Homemade Caesar dressing couldnt be easier!
This simple recipe delivers rich, savory flavor.


Ingredients

Units Scale
  • 2 cloves garlic
  • 3 anchovy fillets
  • 1 large egg yolk
  • 1/2 cup extra-virgin olive oil
  • 2 tablespoons fresh lemon juice
  • 1 teaspoon Worcestershire sauce
  • 1 teaspoon Dijon mustard
  • 1/4 tsp ground black pepper

Instructions

  1. Pulse the garlic and anchovies together in a food processor.
  2. Add the egg yolk and process until smooth.
  3. Drizzle in the olive oil a bit at a time until completely incorporated, then with the motor still running, drizzle in the lemon juice.
  4. Add the Worcestershire, Dijon, and black pepper, and pulse to combine.
  5. Taste and add additional salt and pepper as desired.
  6. Store in a sealed jar in the fridge up to 5 days.

Notes

  • For a richer flavor, use high-quality olive oil and freshly squeezed lemon juice.
  • If you don’t have anchovies, you can substitute 1 teaspoon of fish sauce for a similar umami taste.
  • For a smoother dressing, strain the dressing through a fine-mesh sieve after blending.
  • Prep Time: 5 minutes
  • Category: Side Dish
  • Method: No-Cook
  • Cuisine: Italian

Nutrition

  • Serving Size: 2 tablespoons
  • Calories: 100
  • Sugar: 1
  • Sodium: 150
  • Fat: 10
  • Saturated Fat: 1
  • Unsaturated Fat: 8
  • Carbohydrates: 1
  • Protein: 1
  • Cholesterol: 20

Frequently Asked Questions

Can I make this without anchovies?

You can, but the dressing will lack that savory backbone. Try adding a teaspoon of miso paste or a few dashes of fish sauce as a substitute.

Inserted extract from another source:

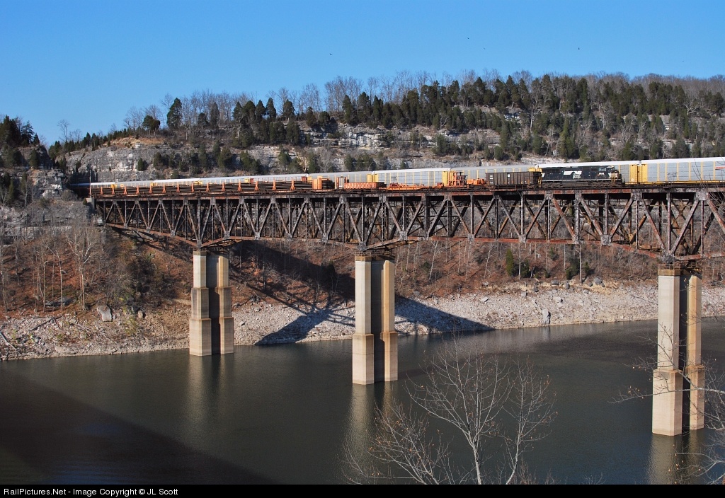 A southbound rail train meets a northbound rack train (NS 27W) on the Cumberland River bridge.

Is it safe to use raw egg yolk?

Use a fresh, pasteurized egg to minimize risk. The acid from lemon juice also helps, but pasteurized eggs are the safest option for raw preparations.

How thick should the dressing be?

It should coat the back of a spoon and cling to lettuce leaves without pooling at the bottom of the bowl. If it’s too thick, thin it with a teaspoon of water.